Altrimenti... che si fanno a fare i figli? Per lasciarli ad altri? Per vederli ad orari prestabiliti?
La casa... è un acquisto importante, dato che oggi occorrono decenni di mutuo per conseguirla.
I miei divorziarono stando in affitto: non fu certo un problema all'epoca trovarne un'altra, per di più in un'epoca in cui un affitto era un quarto di uno stipendio medio da impiegati.
Ma oggi... con i prezzi attuali... godere da soli di una casa acquistata in due è un privilegio.
Mia madre è l'unica a essersi rifatta una famiglia, con un altro figlio.
Mio padre no: non ha mai più convissuto.
E stiamo parlando di separazioni degli anni 70... se c'è riuscita lei lavorando all'epoca... non credo sia più difficile per una donna di oggi.
Allora... perché un mantenimento a vita?
Che senso ha oggi?
Con una giudiziale tutte queste cose si ottengono facilmente: si può avere un amante, lasciare il marito, prendersi i figli, mantenimento a vita e alimenti.
Ieri in TV Katia Ricciarelli ha commentato la cosa "E fanno bene le donne a lasciare in mutande i mariti.... anzi... gliele devono togliere". Lei infatti si becca (perché?) da Baudo 12.000 euro al mese.... 
E giù l'applauso in sala...
Un esempio per tutte le donne.

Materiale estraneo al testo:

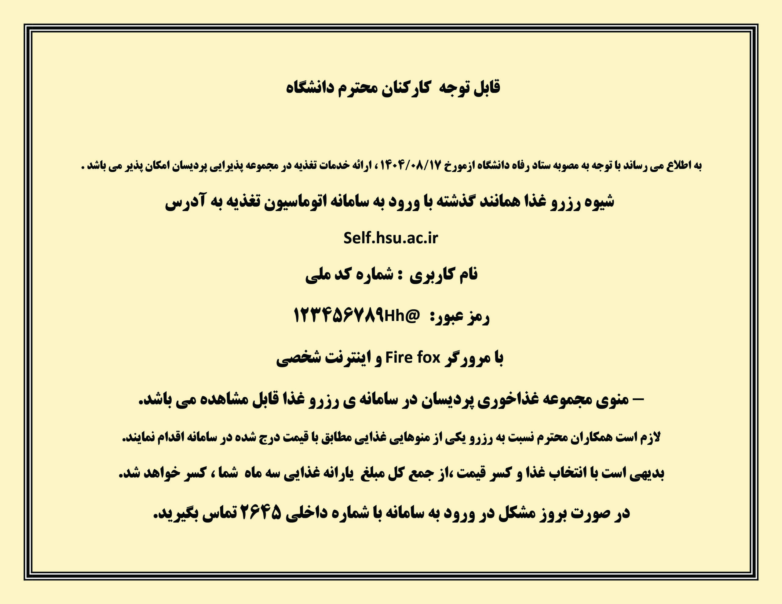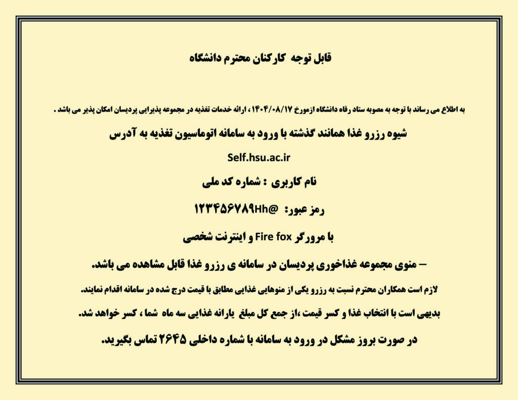 اطلاعیه ارائه خدمات تغذیه جهت اطلاع همکاران محترم
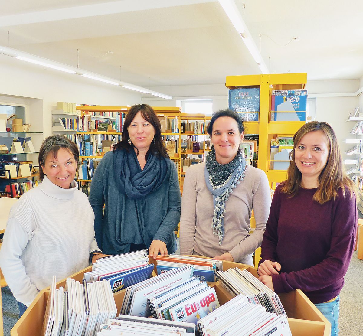 Las bibliotecaras da Scuol, Katrin Tissi, Corinne Voney, Barbara Portmann ed Annatina Melcher (da schnestra) han constatà cha’ls films sün DVD nu sun plü uschè retscherchats. (fotografia: Flurin Andry)
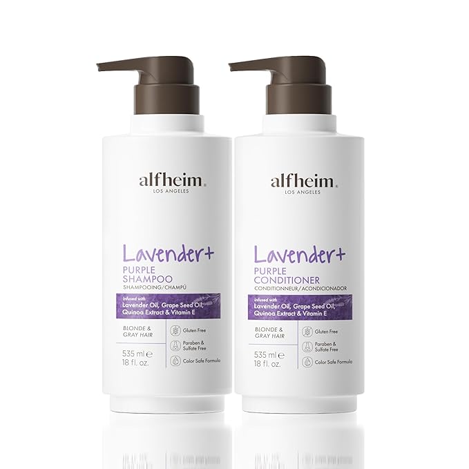 Alfheim Lavender+ Purple Shampoo & Conditioner Set | Anti-Brass & Color-Correcting for Blonde, Platinum & Gray Hair | Hydrating & Nourishing | Enhances Shine & Softness | 18 oz Each

Un gran bell'esempio per questa parità che nessuno, uomo o donna, sembra volere.


----------



## danny (9 Marzo 2015)

Ma facciamo tranquillamente i conti...
10.000 euro una giudiziale con addebito. Bisogna averli. 
1000 euro una consensuale.
3/4000 una giudiziale... dipende dalle udienze.
Poi 5/600 euro tra alimenti e mantenimento, se c'è il mutuo sulla casa continui a pagarlo, aggiungi 600 euro di affitto di un'altra casa, un 300 euro di bollette, riscaldamento, telefono.... arrivi facilmente a 1500 euro totali che escono...
Col resto dello stipendio ci devi mangiare... se rimane un resto
Facile in queste condizioni economiche trovarsi un altro partner...?
Più facile magari tornare a 50 anni a vivere dalla mamma...


----------



## Nocciola (9 Marzo 2015)

danny ha detto:


> Ma facciamo tranquillamente i conti...
> 10.000 euro una giudiziale con addebito. Bisogna averli.
> 1000 euro una consensuale.
> 3/4000 una giudiziale... dipende dalle udienze.
> ...


Per la consensuale basta molto meno
Mi dicono che puoi compilare un modulo e la spesa è sui 40 euro
Sul resto, già sai e quoto


----------



## Nocciola (9 Marzo 2015)

danny ha detto:


> Mah.
> I figli... il ragionamento dei figli come peso non lo comprendo.
> Io soffrirei moltissimo a separarmi da mia figlia, per esempio. E chi se ne frega se qualche persona valuta ancora una limitazione una eventuale relazione con un partner già genitore.
> E' una persona limitata per principio.
> ...



Sei sicuro che abbia detto così?
Io ho capito il contrario
Parlavano della Bernardine De Pace che ha deciso di difendere gli uomini e non più le donne e lei le dava ragione
Ma ammetto che mi ero appena svegliata e potrei aver frainteso


----------



## danny (9 Marzo 2015)

farfalla ha detto:


> Sei sicuro che abbia detto così?
> Io ho capito il contrario
> Parlavano della Bernardine De Pace che ha deciso di difendere gli uomini e non più le donne e lei le dava ragione
> Ma ammetto che mi ero appena svegliata e potrei aver frainteso



Sì, l'argomento era quello... il commento della Ricciarelli è arrivato alla fine.
Ho trovato sia la domanda che la risposta di cattivo gusto.


----------



## Simy (9 Marzo 2015)

danny ha detto:


> Ma facciamo tranquillamente i conti...
> 10.000 euro una giudiziale con addebito. Bisogna averli.
> 1000 euro una consensuale.
> 3/4000 una giudiziale... dipende dalle udienze.
> ...



quoto


----------



## disincantata (9 Marzo 2015)

farfalla ha detto:


> Sei sicuro che abbia detto così?
> Io ho capito il contrario
> Parlavano della Bernardine De Pace che ha deciso di difendere gli uomini e non più le donne e lei le dava ragione
> Ma ammetto che mi ero appena svegliata e potrei aver frainteso



L'ha detto ma io l'ho presa come una battuta scherzosa e non ricordo l'applauso.  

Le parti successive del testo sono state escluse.